Simple Java solution 12 line


  • 51
    D

    class MinStack {

    Stack<Integer> stack=new Stack<>();
    int min=Integer.MAX_VALUE;
    public void push(int x) {
        if(x<=min) {stack.push(min); min=x;}
        stack.push(x);
    }
    public void pop() {
        if(stack.peek()==min){ stack.pop(); min=stack.pop(); }
        else stack.pop();
    }
    public int top() {
        return stack.peek();
    }
    public int getMin() {
        return min;
    }
    

    }


  • 0

    class MinStack {

    List<Integer> s = new LinkedList();
    List<Integer> q = new LinkedList();
    
    public void push(int x) {
        if(q.isEmpty()) q.add(x);
        else if(x <= q.get(q.size()-1)) q.add(x);
        s.add(x);    
    }
    
    public void pop() {
        if(s.size()<1) return;
        if(top() == q.get(q.size()-1)) q.remove(q.size()-1);
        s.remove(s.size()-1);
    }
    
    public int top() {
        if(s.size()<1) return 0;
        return s.get(s.size()-1);
    }
    
    public int getMin() {
        return q.get(q.size()-1);
    }
    

    }


  • 0
    N

    good idea . push twice if min


  • 0
    N

    good idea . push twice if min


  • 0
    H

    Thanks for sharing such brilliant solution!


  • 1
    C

    Note: This would result in roughly the same memory allocation as two stacks in the worst case (continuously pushing smaller numbers).


  • 0
    J

    very nice sol.
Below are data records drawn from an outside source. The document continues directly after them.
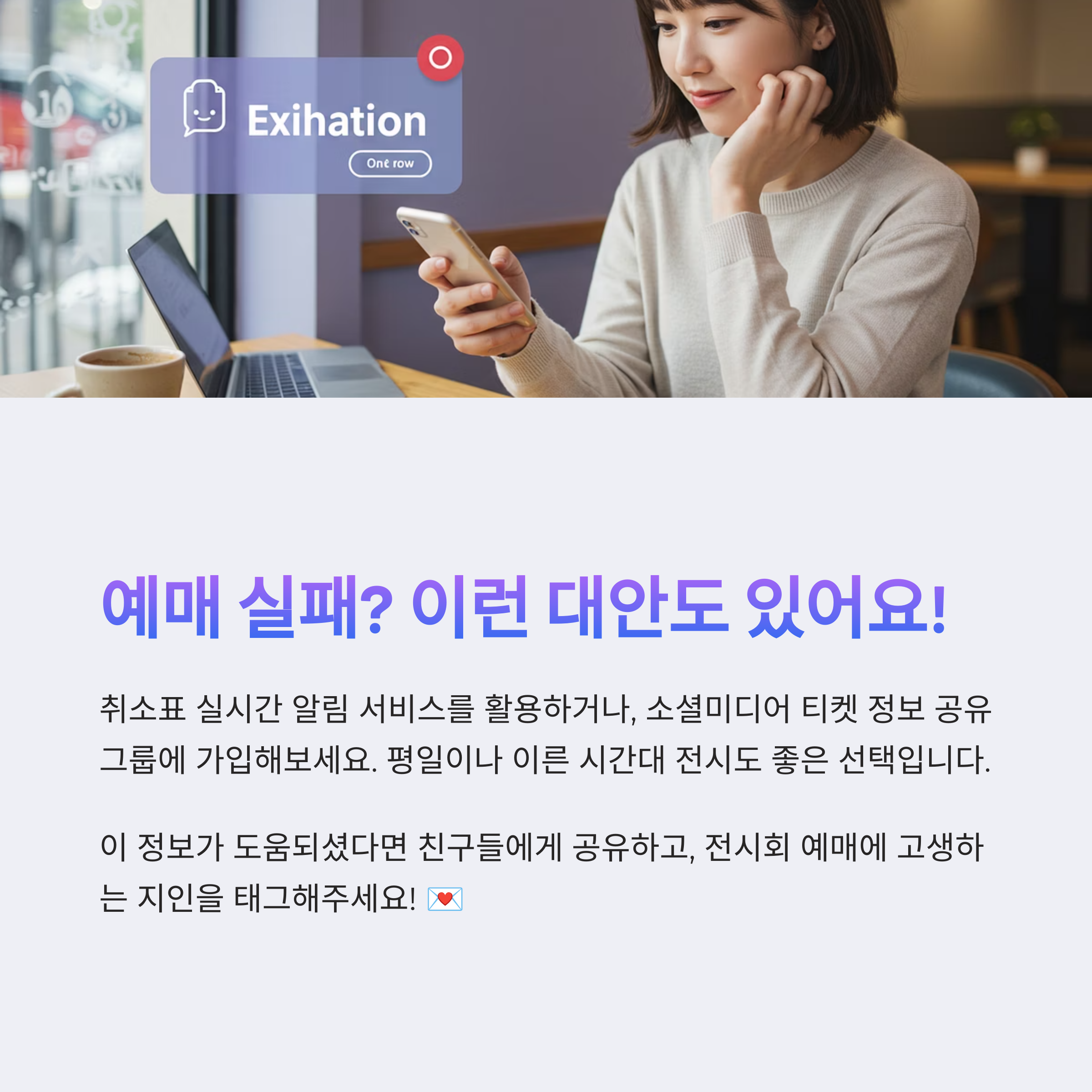 대부분의 인기 전시는 오전 10시나 오후 2시에 티켓 오픈을 하는 경우가 많아요. 정확한 시간을 확인하고 알람을 맞춰두세요.
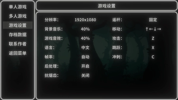 1.游戏打开游戏,游戏采用的事比较新奇的游戏画风,点击设置,里面可以调节分辨率,背景音乐,游戏音乐,语言等功能
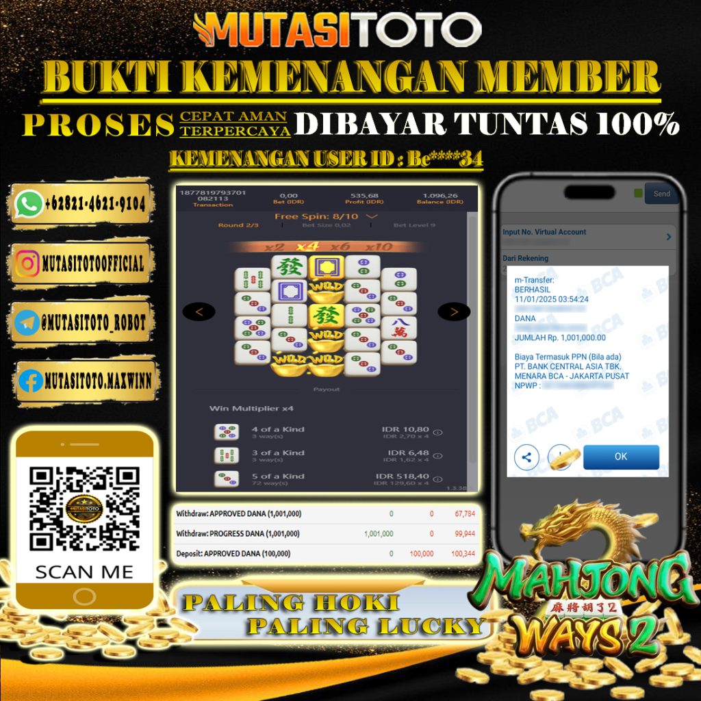 Selamat kepada member kami atas kemenangan besar nya bersama “MutasiToto”
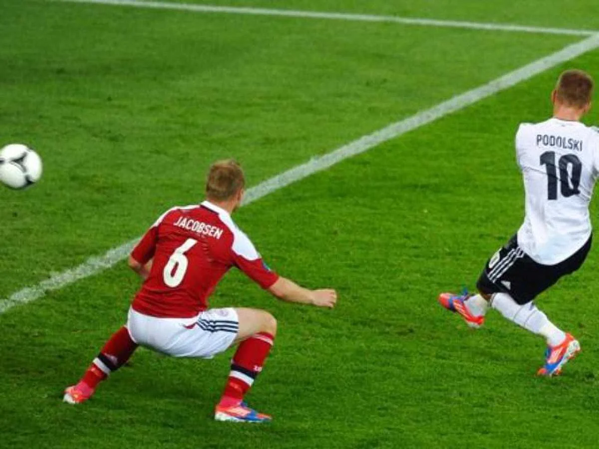 Німці перевагу почали демонструвати вже зі стартових хвилин і, здавалося, що данці із натиском суперників впоратися так і не зуміють. Закріпив таку думку на 19-й хвилині Лукас Подольскі - шульга Полді настільки вдало приклався до м'яча правицею, що Стевен Андерсен лише провів круглого очима у власні ворота. До речі Подольскі, який проводив свій 100-ий матч за збірну, був визнаний найкращим гравцем звітного поєдинку.
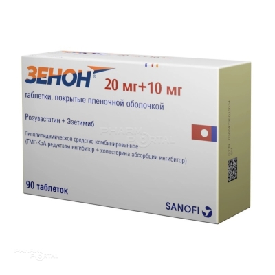 ХС поступает в плазму крови в результате всасывания в кишечнике и эндогенного синтеза. Препарат Зенон® содержит эзетимиб и розувастатин, два гиполипидемических компонента, дополняющих друг друга по механизму действия. Комбинация розувастатин + эзетимиб снижает повышенную концентрацию общего холестерина (ОХС) в плазме крови, холестерина липопротеинов низкой плотности (ХС-ЛПНП), аполипопротеина В (АпоВ), триглицеридов (ТГ) и холестерина липопротеинов невысокой плотности (ХС-не-ЛПВП, рассчитывается как разность между концентрацией ОХС и концентрацией ХС-ЛПВП) и повышает концентрацию в плазме крови холестерина липопротеинов высокой плотности (ХС-ЛПВП) путем двойного ингибирования, как абсорбции, так и синтеза ХС.
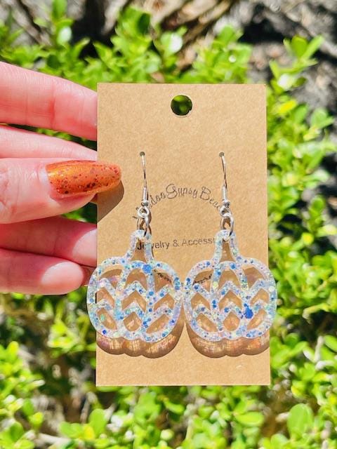 Glitter resin Chevron pumpkin earrings - multiple colors - resin earrings - handcrafted - handmade jewelry

Appreciate for sharing!


  • 0
    Z

    what a good idea


  • 0
    Y

    What a good Idea!
    push min and x, if x is min.


  • 0
    T

    Clean solution, thank you!


  • 0
    P

    This is intelligent idea. Idea is to track the minimum value at every element.The same solution in CTCI asks you to maintain an linear memory to track min for each push. Here you are saving space this way.


  • 0
    P

    You can write pop like this to make it shorter.

    public void pop() {
      if (minStack.pop() == min) min = minStack.pop();
    }
    

  • 1

    I think there is a problem.
    Example:
    push(2);
    push(0);
    pop();
    pop();
    getMin();

    Last line will return Integer.MAX_VALUE; And in fact it is supposed to be null since the stack is empty now.


  • 1
    S

    @shaoqing The last line won't return Integer MAX_VALUE, because this value is denoted to min in “min=stack.pop();” and correspondingly, the value in stack is deleted by pop()


  • 0

    @SeaLanding yes, it is deleted, but this.min has been set to Integer.MAX_VALUE, and what @shaoqing was saying was that, the getMin() will return Integer.MAX_VALUE, even when stack is empty, and therefore saying the original post is lack of code handling this case!


  • 0

    @SeaLanding Integer.MAX_VALUE is pushed into the stack at the first time push any number in. So even we pop the same amount of time as push, there is extra number in the stack, which is MAX_VALUE. Run the code and you will see.


  • 0

    @xuehaohu You got it.


  • 0

    @shaoqing Guess original code serves a great example to demonstrate the logic to solve the problem, individual submission need more work on handling possible any edge/corner case.


  • 0
    S

    why it won't ac if i change "x<=min" to "x<min" in push function?


  • 0
    S

    @slowdownzhu Oh, i see! Because it will pop() twice when x==min!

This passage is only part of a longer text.